The equivalent ellipsoid for a body with two degenerate principal moments of inertia is a spheroid which has cylindrical symmetry with the cylindrical axis aligned along the third axis. A body with $$I_3 < I_1 = I_2$$ is a prolate spheroid while a body with $$I_3 > I_1 = I_2$$ is an oblate spheroid. Examples with a prolate spheroidal equivalent inertial shape are a rugby ball, pencil, or a baseball bat. Examples of an oblate spheroid are an orange, or a frisbee. A uniform sphere, or a uniform cube, rotating about a point displaced from the center-of-mass also behave inertially like a symmetric top. The cylindrical symmetry of the equivalent spheroid makes it obvious that any mutually perpendicular axes that are normal to the axis of cylindrical symmetry are equally good principal axes even when the cross section in the $$1−2$$ plane is square as opposed to circular.
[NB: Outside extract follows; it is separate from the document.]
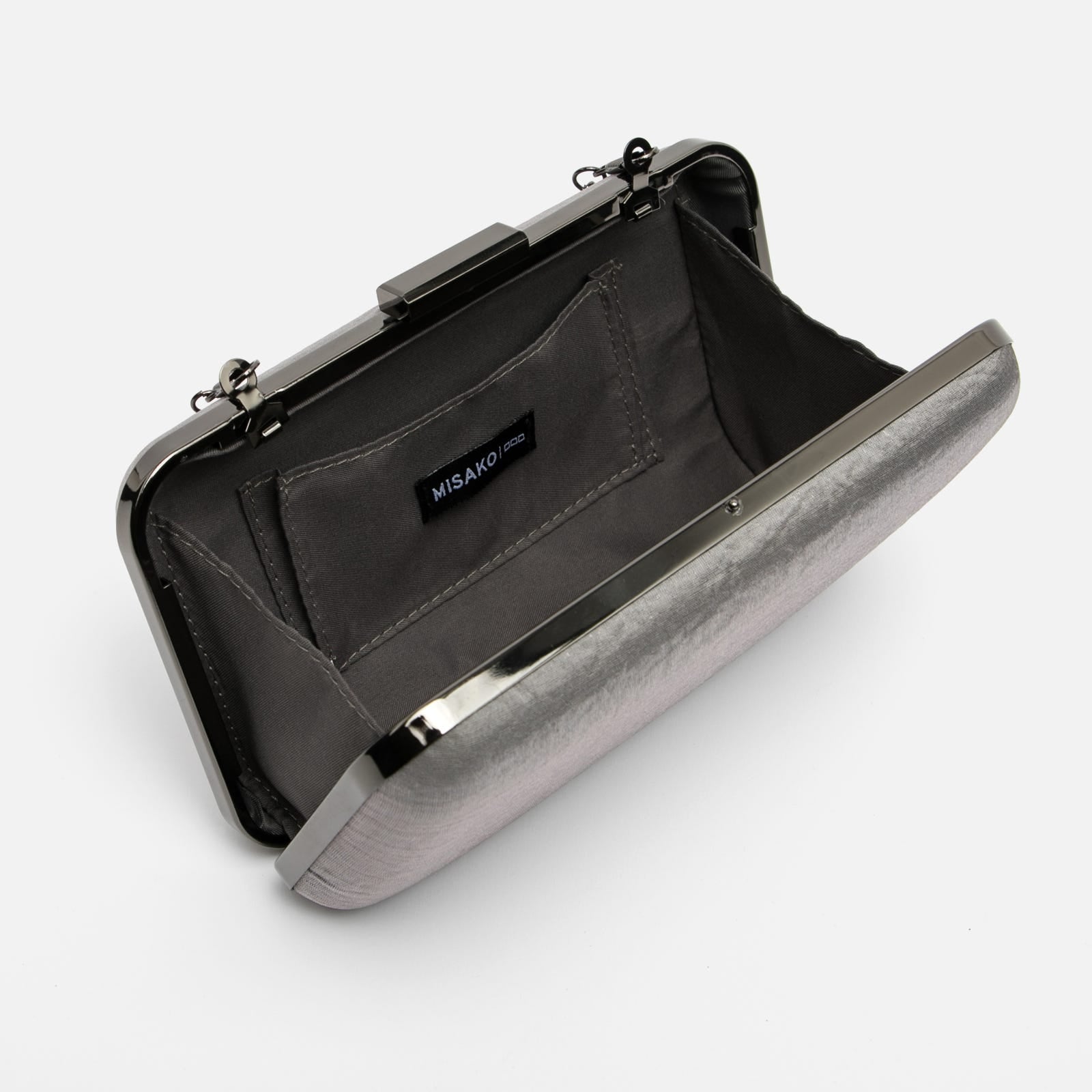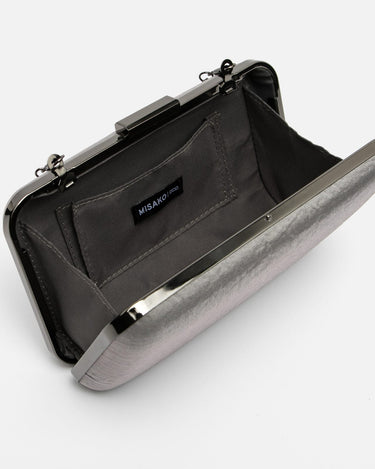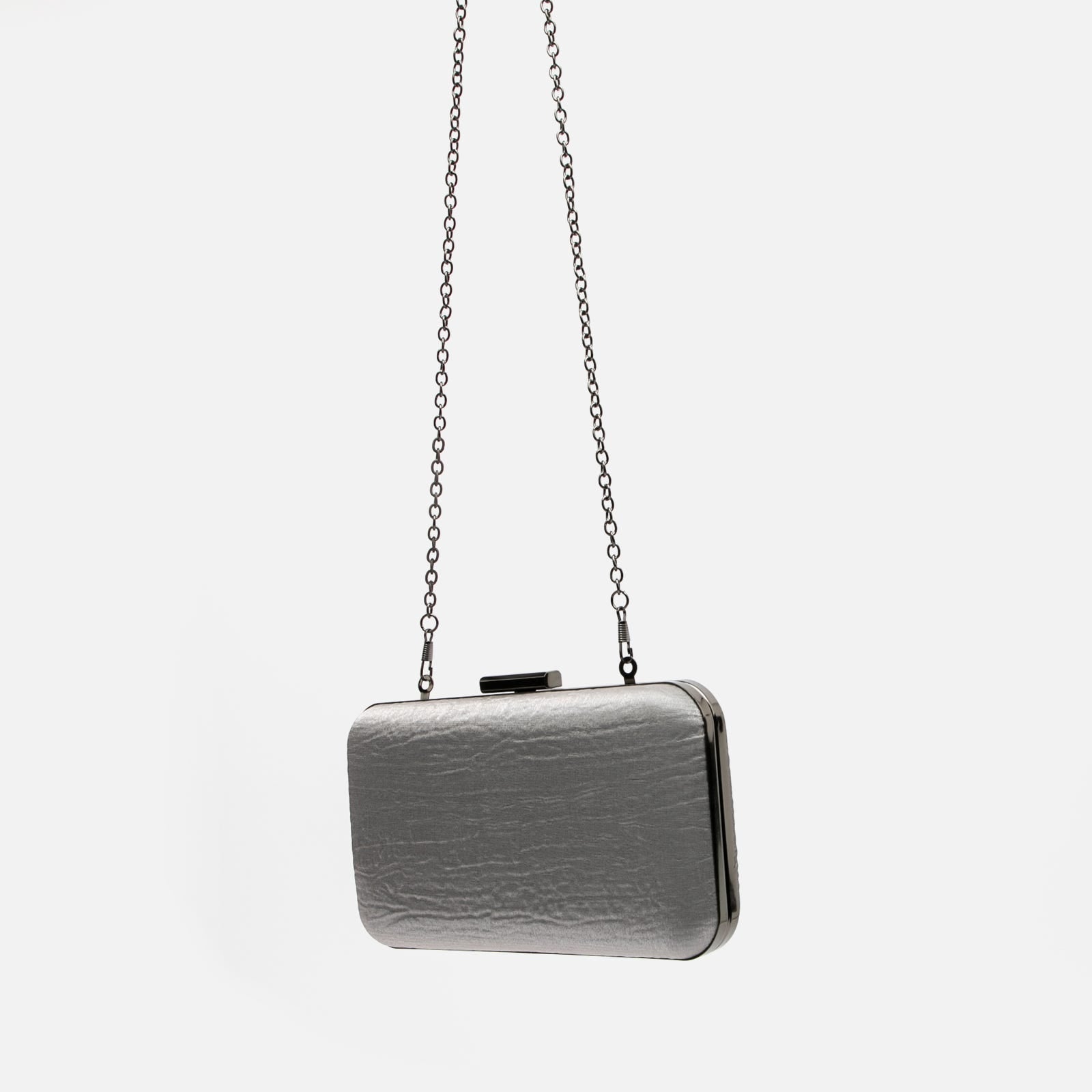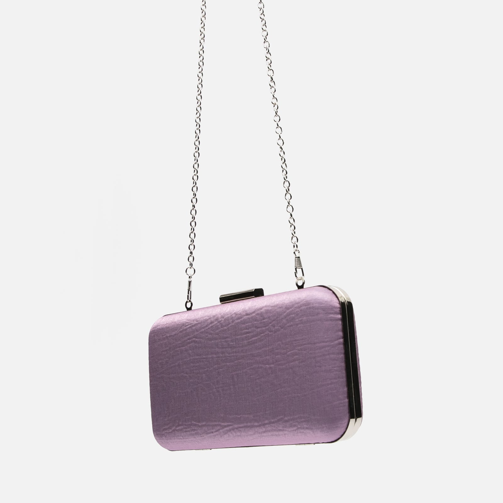 Satinierte Clutch-Tasche von Misako. Fach mit Metallverschluss. Enthält eine Kette.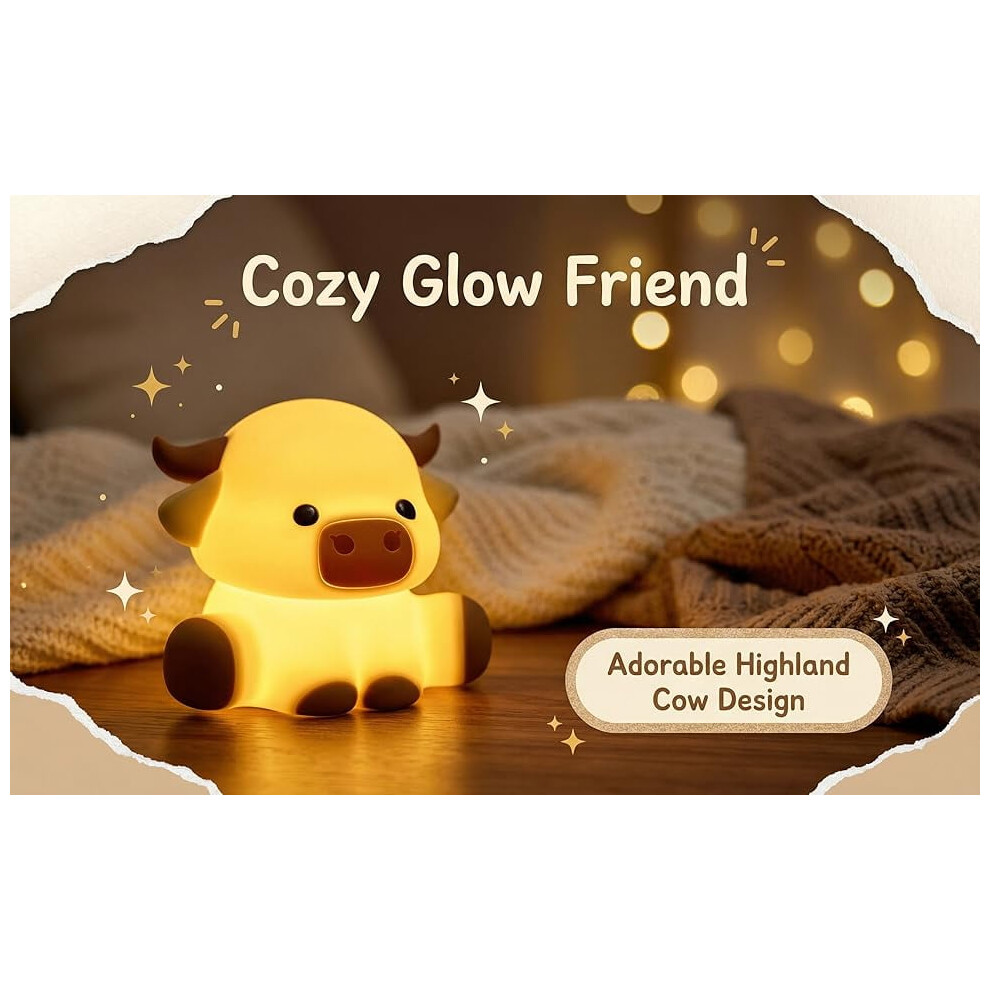 Cute Highland Cow Night Light for Kids, Squishy Silicone Nursery Lamp with Touch Sensor, USB Rechargeable Bedside Decor for Boys Girls (Warm Glow)

A rotor is a diatomic-molecule shaped body which is a special case of a symmetric top where $$I_1 = 0$$, and $$I_2 = I_3$$. The rotation of a rotor is perpendicular to the symmetry axis since the rotational energy and angular momentum about the symmetry axis are zero because the principal moment of inertia about the symmetry axis is zero.

### Asymmetric Top: $$I_1 \neq I_2 \neq I_3$$

A body where all three principal moments of inertia are distinct, $$I_1 \neq I_2 \neq I_3$$, is called an asymmetric top. Some molecules, and nuclei have asymmetric, triaxially-deformed, shapes.

## Orthogonality of principal axes

The body-fixed principal axes comprise an orthogonal set, for which the vectors $$\mathbf{L}$$ and $$\boldsymbol{\omega}$$ are simply related. Components of $$\mathbf{L}$$ and $$\boldsymbol{\omega}$$ can be taken along the three body-fixed axes denoted by $$i$$. Thus for the $$m^{th}$$ principal moment $$I_m$$

$L_{im} = I_m\omega_{im}$

Written in terms of the inertia tensor

$L_{im} = \sum^3_k I_{ik} \omega_{km} = I_{m}\omega_{im} \label{13.47}$

Similarly the $$n^{th}$$ principal moment can be written as

$L_{kn} = \sum^3_i I_{ki} \omega_{in} = I_n\omega_{kn} \label{13.48}$

Multiply the Equation \ref{13.47} by $$\omega_{in}$$ and sum over $$i$$ gives

$\sum_{i,k} I_{ik} \omega_{km}\omega_{in} = \sum_i I_{mm}\omega_{im}\omega_{in}$

Similarly multiplying Equation \ref{13.48} by $$\omega_{km}$$ and summing over $$k$$ gives

$\sum_{i,k} I_{ki} \omega_{km}\omega_{in} = \sum_i I_{nn}\omega_{km}\omega_{kn}$

The left-hand sides of these equations are identical since the inertia tensor is symmetric, that is $$I_{ik} = I_{ki}$$. Therefore subtracting these equations gives

$\sum_i I_{mm}\omega_{im}\omega_{in} −\sum_k I_{nn}\omega_{km}\omega_{kn} = 0$

That is

$(I_{mm} − I_{nn}) \sum_k \omega_{km} \omega_{kn} = 0$

or

$(I_{mm} − I_{nn}) \boldsymbol{\omega}_m \cdot \boldsymbol{\omega}_n = 0 \label{13.53}$

If $$I_m \neq I_n$$ then

$\boldsymbol{\omega}_m \cdot \boldsymbol{\omega}_n = 0 \label{13.54}$

which implies that the $$m$$ and $$n$$ principal axes are perpendicular. However, if $$I_{mm} = I_{nn}$$ then Equation \ref{13.53} does not require that $$\boldsymbol{\omega}_m \cdot \boldsymbol{\omega}_n = 0$$, that is, these axes are not necessarily perpendicular, but, with no loss of generality, these two axes can be chosen to be perpendicular with any orientation in the plane perpendicular to the symmetry axis.

1. Summarizing the above discussion, the inertia tensor has the following properties.
2. Diagonalization may be accomplished by an appropriate rotation of the axes in the body.
3. The principal moments (eigenvalues) and principal axes (eigenvectors) are obtained as roots of the secular determinant and are real.
4. The principal axes (eigenvectors) are real and orthogonal.
5. For a symmetric top with two identical principal moments of inertia, any orientation of two orthogonal axes perpendicular to the symmetry axis are satisfactory eigenvectors.
6. For a spherical top with three identical principal moment of inertia, the principal axes system can have any orientation with respect to the origin.